What the task asks: Say how many lines of the listing below include the string "Jean" and add nothing else.

*** Opening Data for processing ***

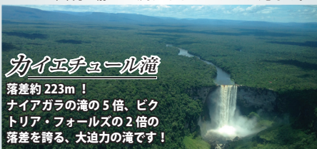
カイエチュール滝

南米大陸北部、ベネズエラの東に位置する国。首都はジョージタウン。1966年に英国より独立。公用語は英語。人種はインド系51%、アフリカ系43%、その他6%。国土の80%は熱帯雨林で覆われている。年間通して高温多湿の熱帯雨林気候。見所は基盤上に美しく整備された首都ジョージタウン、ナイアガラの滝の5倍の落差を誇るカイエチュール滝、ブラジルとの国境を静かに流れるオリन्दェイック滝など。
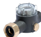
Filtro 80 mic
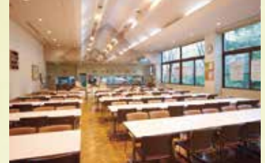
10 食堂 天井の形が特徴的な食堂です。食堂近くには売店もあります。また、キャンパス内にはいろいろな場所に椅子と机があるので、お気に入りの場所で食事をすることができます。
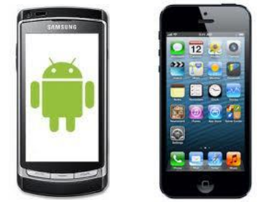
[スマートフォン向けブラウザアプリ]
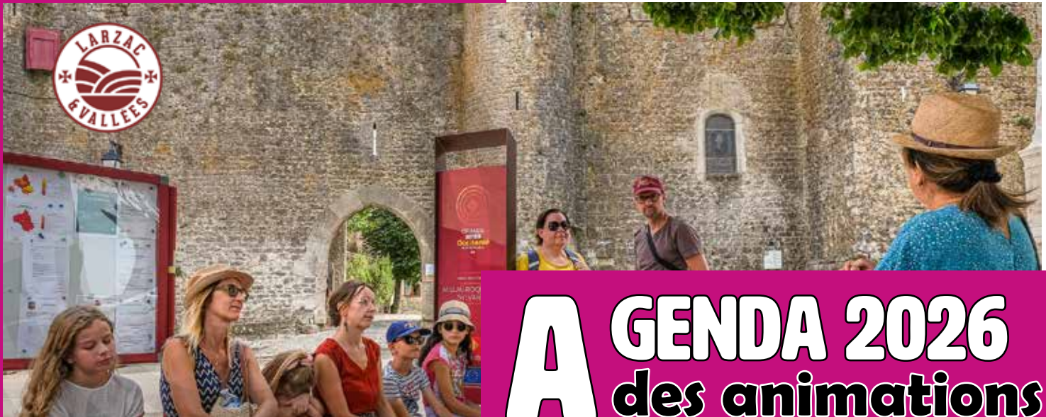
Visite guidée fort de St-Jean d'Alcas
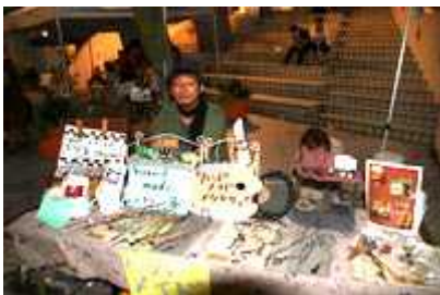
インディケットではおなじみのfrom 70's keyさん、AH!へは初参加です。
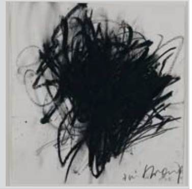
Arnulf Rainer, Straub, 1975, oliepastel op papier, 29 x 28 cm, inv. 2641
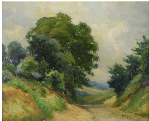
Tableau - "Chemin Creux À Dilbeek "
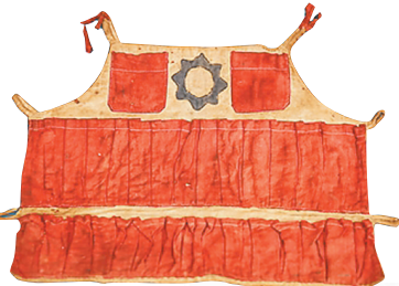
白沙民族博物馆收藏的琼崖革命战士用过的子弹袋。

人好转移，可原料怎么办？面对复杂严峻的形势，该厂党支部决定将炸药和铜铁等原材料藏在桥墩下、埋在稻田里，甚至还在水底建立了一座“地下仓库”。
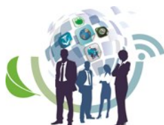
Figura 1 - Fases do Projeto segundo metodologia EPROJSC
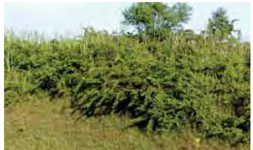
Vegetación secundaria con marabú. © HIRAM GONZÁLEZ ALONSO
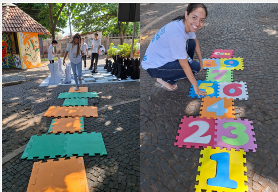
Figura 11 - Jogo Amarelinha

*** Closing Data for processing ***
*** Opening Data for processing ***

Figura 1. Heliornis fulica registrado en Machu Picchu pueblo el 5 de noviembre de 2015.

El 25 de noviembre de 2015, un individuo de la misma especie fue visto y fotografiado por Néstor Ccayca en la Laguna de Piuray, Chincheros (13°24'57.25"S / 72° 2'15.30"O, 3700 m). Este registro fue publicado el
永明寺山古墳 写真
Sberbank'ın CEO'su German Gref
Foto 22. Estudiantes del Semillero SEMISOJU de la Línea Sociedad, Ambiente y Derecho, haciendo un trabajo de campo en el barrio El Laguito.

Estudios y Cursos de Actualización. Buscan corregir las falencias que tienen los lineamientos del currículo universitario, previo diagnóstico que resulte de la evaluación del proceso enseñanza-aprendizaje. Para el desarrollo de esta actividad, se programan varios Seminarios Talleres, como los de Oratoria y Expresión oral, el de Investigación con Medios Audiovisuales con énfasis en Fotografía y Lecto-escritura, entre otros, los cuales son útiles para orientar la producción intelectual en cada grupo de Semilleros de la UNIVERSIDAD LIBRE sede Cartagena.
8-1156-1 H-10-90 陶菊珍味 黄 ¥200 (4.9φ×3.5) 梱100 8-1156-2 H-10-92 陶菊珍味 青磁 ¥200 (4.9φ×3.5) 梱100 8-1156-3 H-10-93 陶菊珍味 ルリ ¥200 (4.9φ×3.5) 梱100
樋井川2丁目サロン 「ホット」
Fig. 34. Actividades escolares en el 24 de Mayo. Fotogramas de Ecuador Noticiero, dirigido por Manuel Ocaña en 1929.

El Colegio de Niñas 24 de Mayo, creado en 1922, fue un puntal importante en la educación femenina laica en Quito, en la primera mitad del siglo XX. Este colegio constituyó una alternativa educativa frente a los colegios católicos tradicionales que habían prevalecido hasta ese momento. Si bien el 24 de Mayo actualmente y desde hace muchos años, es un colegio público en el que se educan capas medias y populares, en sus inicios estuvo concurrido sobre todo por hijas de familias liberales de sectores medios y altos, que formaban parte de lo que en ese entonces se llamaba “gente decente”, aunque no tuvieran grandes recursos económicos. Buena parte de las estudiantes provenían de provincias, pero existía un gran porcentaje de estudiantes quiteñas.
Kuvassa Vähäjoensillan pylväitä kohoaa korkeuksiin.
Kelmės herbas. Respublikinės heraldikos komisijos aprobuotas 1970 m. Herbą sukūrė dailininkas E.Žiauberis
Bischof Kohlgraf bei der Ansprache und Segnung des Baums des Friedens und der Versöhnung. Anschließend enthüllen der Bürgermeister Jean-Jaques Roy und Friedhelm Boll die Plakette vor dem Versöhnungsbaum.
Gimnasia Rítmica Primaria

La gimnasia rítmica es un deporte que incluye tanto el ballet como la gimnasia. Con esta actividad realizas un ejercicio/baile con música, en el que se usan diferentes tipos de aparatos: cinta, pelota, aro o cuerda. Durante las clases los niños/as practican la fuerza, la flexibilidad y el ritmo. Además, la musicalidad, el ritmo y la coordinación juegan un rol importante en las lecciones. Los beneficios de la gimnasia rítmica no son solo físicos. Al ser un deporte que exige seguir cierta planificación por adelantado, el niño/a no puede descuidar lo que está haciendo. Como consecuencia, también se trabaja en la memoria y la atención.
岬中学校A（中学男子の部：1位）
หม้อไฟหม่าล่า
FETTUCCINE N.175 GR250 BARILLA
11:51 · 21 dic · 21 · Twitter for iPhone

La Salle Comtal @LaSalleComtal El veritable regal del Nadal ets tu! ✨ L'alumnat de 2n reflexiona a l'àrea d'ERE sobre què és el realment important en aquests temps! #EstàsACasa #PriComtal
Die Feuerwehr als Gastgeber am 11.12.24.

*** Closing Data for processing ***

Answer space: 2